◆ **Your objective**
The answer must be an exact reprint of the lines from the one with "地元の中学生と一緒にコマクサ苗を植栽をする様子" through the final line of the data, with no pictures included.

◆ **Excerpted records**
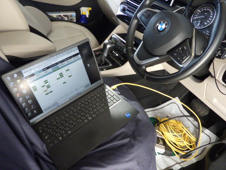 バッテリー診断を行いBMW専用テスターを車両に接続してコンピューター診断を行いエラーチェック
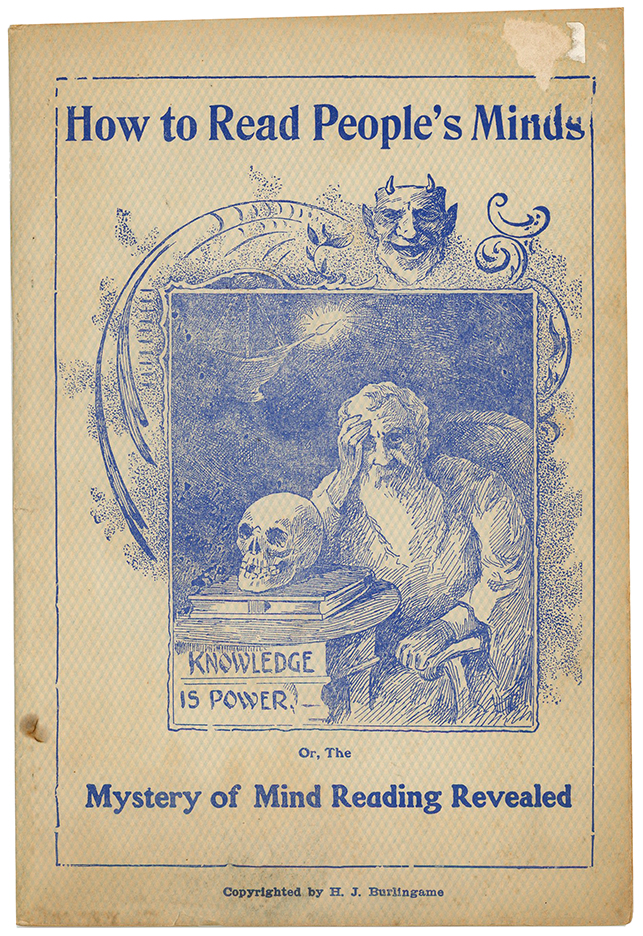 How to Read People's Minds, or the Mystery of Mind Reading Revealed. Pictorial wrappers, illustrated, 53 pages with adverts at rear. Mild toning, small chips to front cover, else in good condition.
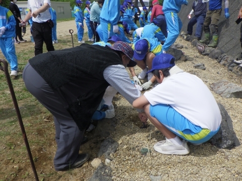 地元の中学生と一緒にコマクサ苗を植栽をする様子
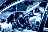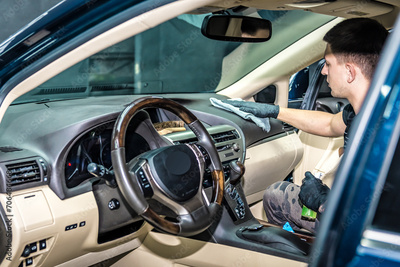 Specialist cleaning car interior with microfiber cloth. Professional detailing car
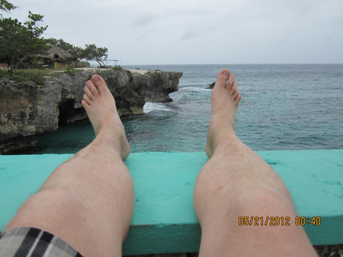 The calm. The water hitting the cliff. The otherly world sort of place that it is in Jamaica. My feet in this position:
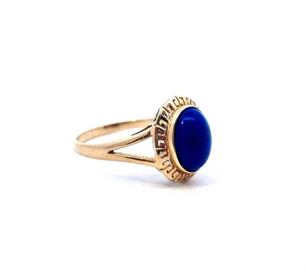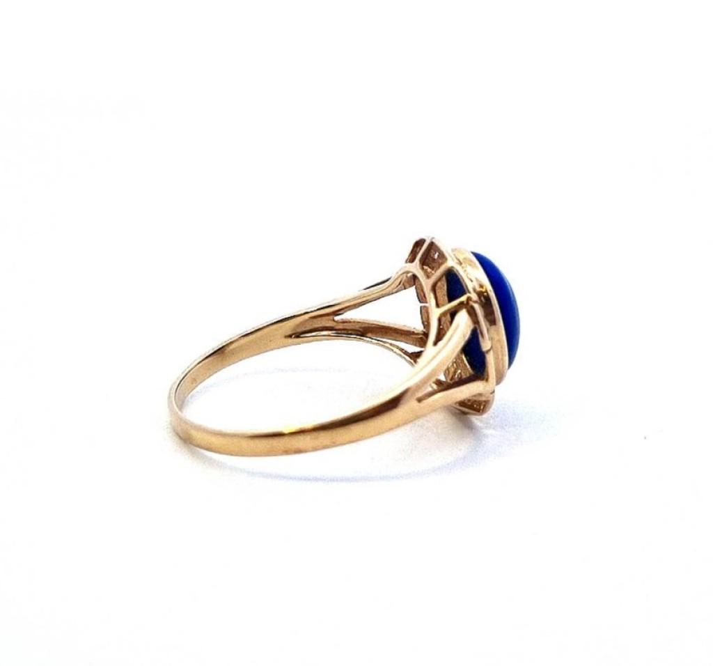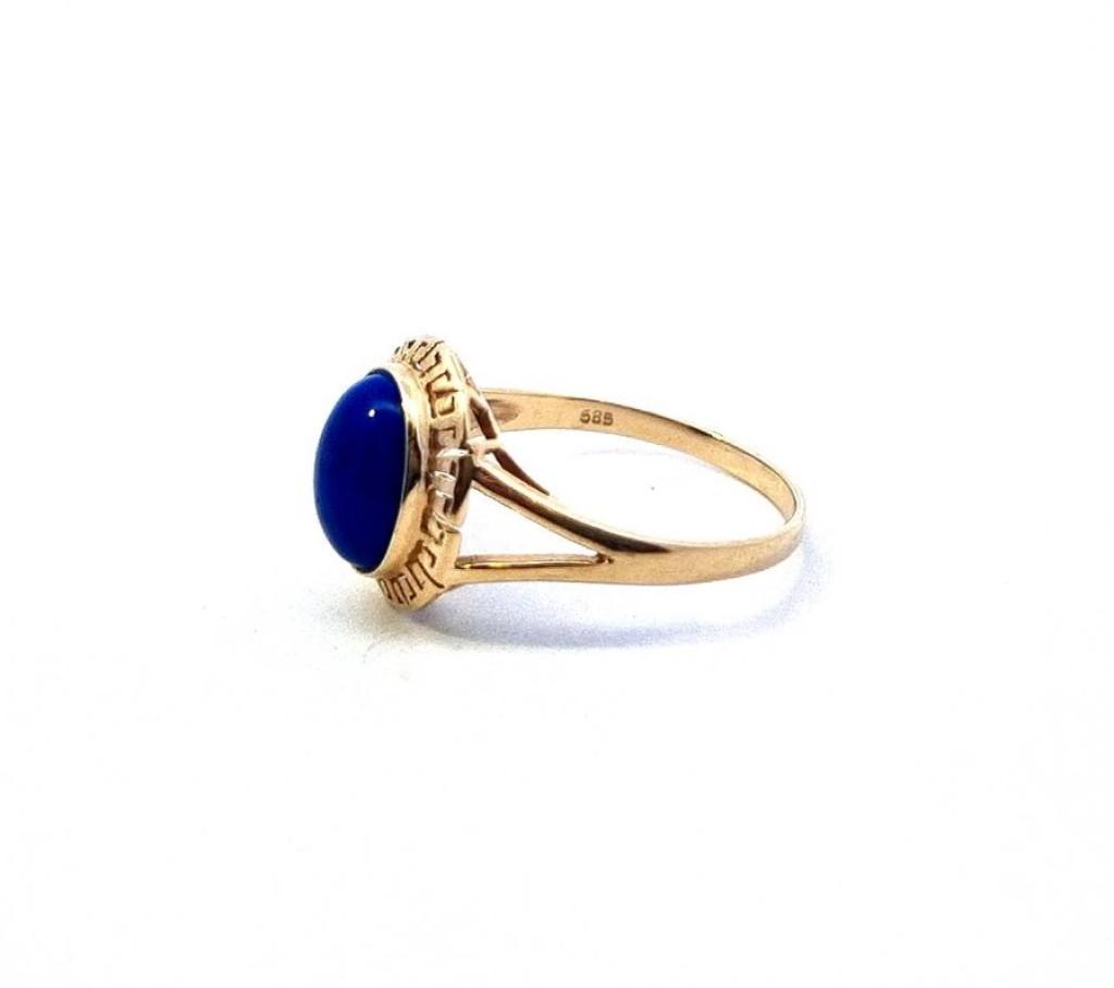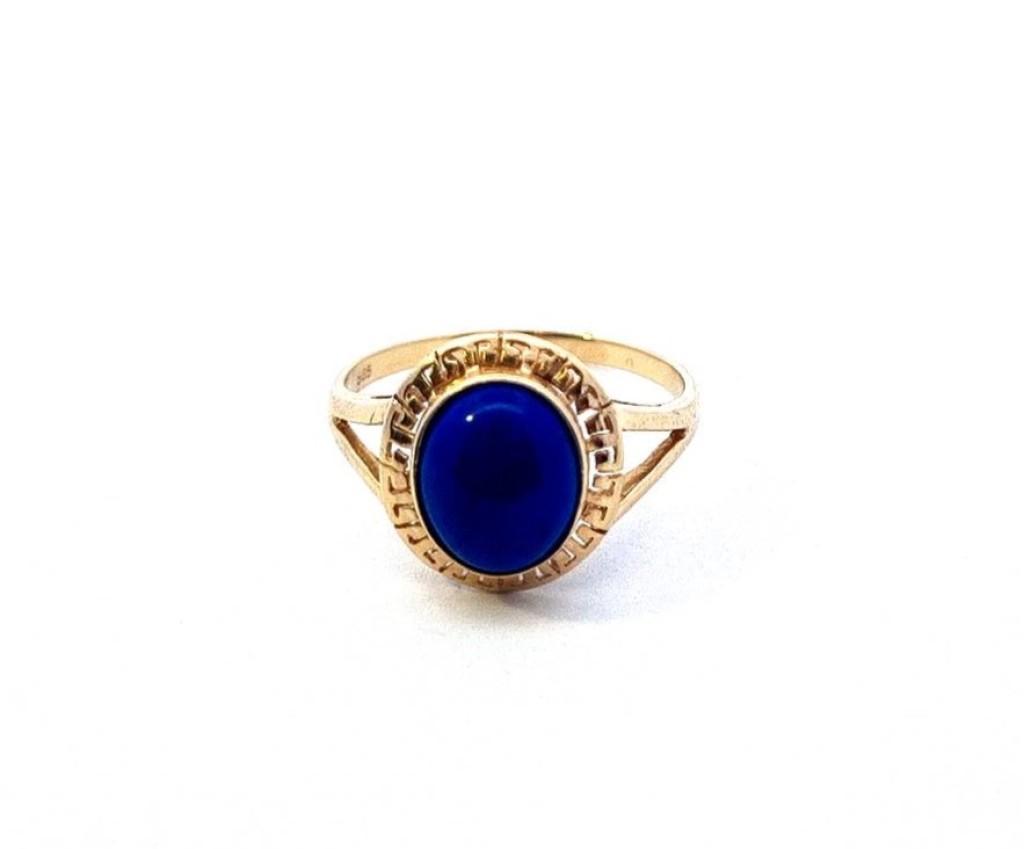 Zlatý prsten o ryzosti 585/1000, váha 2,58 g, punc labuť, kámen lapis lazuli, v nejširším bodě 13 mm, velikost 58.

◆ **Reply to the exercise**
 地元の中学生と一緒にコマクサ苗を植栽をする様子
 Specialist cleaning car interior with microfiber cloth. Professional detailing car
 The calm. The water hitting the cliff. The otherly world sort of place that it is in Jamaica. My feet in this position:
 Zlatý prsten o ryzosti 585/1000, váha 2,58 g, punc labuť, kámen lapis lazuli, v nejširším bodě 13 mm, velikost 58.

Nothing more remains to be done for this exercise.